Saudi Arabia has set up a deal to purchase U.S. liquefied natural gas from Sempra Energy, a new strategic direction for Riyadh, as the country seeks to establish a footprint in the growing global market for the fuel, the Wall Street Journal reported.

Saudi Arabian Oil Co., known as Aramco, plans to purchase gas from San Diego-based Sempra Energy’s Port Arthur project in Texas, the companies said Wednesday, confirming an earlier Wall Street Journal report.

The two companies said their respective subsidiaries, Aramco Services and Sempra LNG, have signed a “heads of agreement,” which anticipates the negotiation and finalization of a definitive 20-year sale-and-purchase agreement covering 5 million metric tons each year from the Port Arthur LNG export project under development.

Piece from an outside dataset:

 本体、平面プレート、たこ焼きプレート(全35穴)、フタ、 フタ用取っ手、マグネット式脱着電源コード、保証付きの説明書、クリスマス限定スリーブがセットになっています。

The agreement also includes the planned negotiation and finalization of a 25 percent equity investment in Phase 1 of the Port Arthur project, Aramco and Sempra said in a news release.

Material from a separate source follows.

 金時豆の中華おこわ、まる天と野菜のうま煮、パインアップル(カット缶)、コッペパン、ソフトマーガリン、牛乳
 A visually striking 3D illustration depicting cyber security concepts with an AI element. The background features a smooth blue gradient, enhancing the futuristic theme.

Aramco had been expected to close a deal to purchase LNG after holding talks with several U.S. producers and a Russian producer in recent months. However, it isn’t clear whether the gas will be used to power the kingdom’s local economy, or sold on to international buyers.

The deal demonstrates how the U.S. energy boom is dramatically changing global trade. Historically, Saudi Arabia has been a major supplier of oil to the U.S. But with the evolution of shale drilling in the U.S., the Energy Department predicts America will become a net energy exporter next year.

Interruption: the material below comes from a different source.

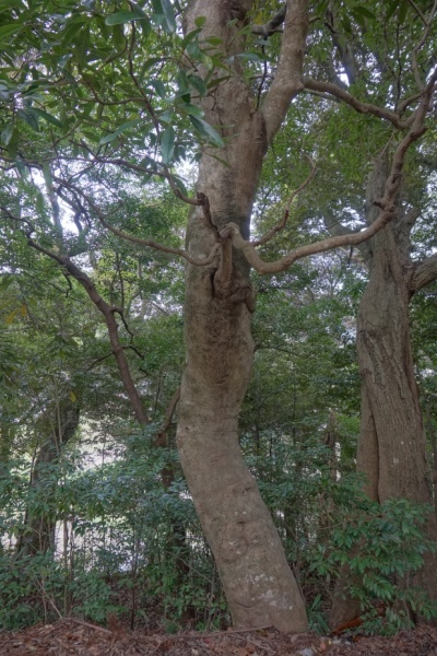 福岡県の神社境内で、幹がクネクネしながた立ち上がった高木が生えていました。

Shale has catapulted the U.S. to being one of the top shippers of LNG, with the Energy Information Administration forecasting it will become the world’s third-largest exporter this year.

Aramco has signaled that it intends to boost its gas investments by tens of billions of dollars, domestically and internationally, following similar moves by major energy companies. Royal Dutch Shell PLC and BP PLC are reorienting their energy portfolios toward gas as demand growth for it is expected to outpace oil.

Saudi Arabia, the world’s largest oil exporter, is expanding beyond crude as it prepares for a time when demand stagnates as the world shifts towards cleaner fuels, the Financial Times adds.

Aramco is already planning billions of dollars worth of investments in its Port Arthur refinery, the largest in the U.S. 

The kingdom is boosting domestic exploration and production of both conventional gas resources and those from shale fields, to feed into power generation as well as to fuel the petrochemicals sector.